• [Work task]: Go through the data and retrieve each line that includes the string "lace".

──────────────────────────────

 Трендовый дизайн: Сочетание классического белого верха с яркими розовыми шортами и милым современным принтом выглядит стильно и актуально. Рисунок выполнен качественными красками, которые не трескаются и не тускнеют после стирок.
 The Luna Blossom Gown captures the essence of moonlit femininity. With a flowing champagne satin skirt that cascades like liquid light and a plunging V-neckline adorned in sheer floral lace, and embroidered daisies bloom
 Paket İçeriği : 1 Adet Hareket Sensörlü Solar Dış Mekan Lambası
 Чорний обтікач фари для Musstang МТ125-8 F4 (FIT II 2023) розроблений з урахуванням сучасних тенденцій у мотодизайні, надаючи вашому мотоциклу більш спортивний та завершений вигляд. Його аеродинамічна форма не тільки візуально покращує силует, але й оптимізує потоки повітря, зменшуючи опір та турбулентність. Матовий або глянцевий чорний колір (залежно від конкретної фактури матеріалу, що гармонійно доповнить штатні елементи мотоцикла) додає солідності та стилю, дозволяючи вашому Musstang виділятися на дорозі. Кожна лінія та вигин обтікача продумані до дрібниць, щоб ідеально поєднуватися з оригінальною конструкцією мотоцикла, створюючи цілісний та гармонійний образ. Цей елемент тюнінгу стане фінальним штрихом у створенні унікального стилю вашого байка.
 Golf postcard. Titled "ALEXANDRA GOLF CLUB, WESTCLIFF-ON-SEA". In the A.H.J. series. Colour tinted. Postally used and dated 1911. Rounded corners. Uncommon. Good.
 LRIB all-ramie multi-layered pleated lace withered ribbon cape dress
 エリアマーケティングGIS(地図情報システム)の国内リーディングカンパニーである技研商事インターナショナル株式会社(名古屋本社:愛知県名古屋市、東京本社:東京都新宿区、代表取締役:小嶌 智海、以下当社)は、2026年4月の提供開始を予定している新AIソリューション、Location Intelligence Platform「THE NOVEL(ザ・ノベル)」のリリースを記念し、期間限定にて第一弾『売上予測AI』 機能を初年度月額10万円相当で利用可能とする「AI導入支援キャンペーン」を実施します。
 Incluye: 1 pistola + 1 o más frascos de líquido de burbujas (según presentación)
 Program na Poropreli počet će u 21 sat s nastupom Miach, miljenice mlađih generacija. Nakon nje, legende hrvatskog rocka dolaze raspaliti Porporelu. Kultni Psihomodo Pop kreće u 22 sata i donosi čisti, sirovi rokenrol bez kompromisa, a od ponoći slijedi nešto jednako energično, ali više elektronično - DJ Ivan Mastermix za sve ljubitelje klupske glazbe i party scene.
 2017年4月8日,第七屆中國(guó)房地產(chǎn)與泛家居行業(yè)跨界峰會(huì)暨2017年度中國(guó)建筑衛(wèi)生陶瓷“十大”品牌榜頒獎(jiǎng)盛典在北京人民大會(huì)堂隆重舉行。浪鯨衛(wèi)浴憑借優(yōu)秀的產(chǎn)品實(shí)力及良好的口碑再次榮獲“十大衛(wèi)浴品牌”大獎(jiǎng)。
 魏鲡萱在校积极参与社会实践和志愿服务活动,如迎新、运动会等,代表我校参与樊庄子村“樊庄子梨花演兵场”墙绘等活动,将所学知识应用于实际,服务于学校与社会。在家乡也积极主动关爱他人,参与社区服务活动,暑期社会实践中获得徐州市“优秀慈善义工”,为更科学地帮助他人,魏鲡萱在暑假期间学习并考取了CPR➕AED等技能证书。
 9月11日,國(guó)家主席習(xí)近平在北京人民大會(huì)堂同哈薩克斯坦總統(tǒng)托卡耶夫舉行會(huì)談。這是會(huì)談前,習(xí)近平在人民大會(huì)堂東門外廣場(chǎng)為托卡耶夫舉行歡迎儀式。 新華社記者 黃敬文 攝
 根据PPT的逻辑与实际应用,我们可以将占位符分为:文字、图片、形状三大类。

──────────────────────────────

• [Output for this task]:
 The Luna Blossom Gown captures the essence of moonlit femininity. With a flowing champagne satin skirt that cascades like liquid light and a plunging V-neckline adorned in sheer floral lace, and embroidered daisies bloom
 LRIB all-ramie multi-layered pleated lace withered ribbon cape dress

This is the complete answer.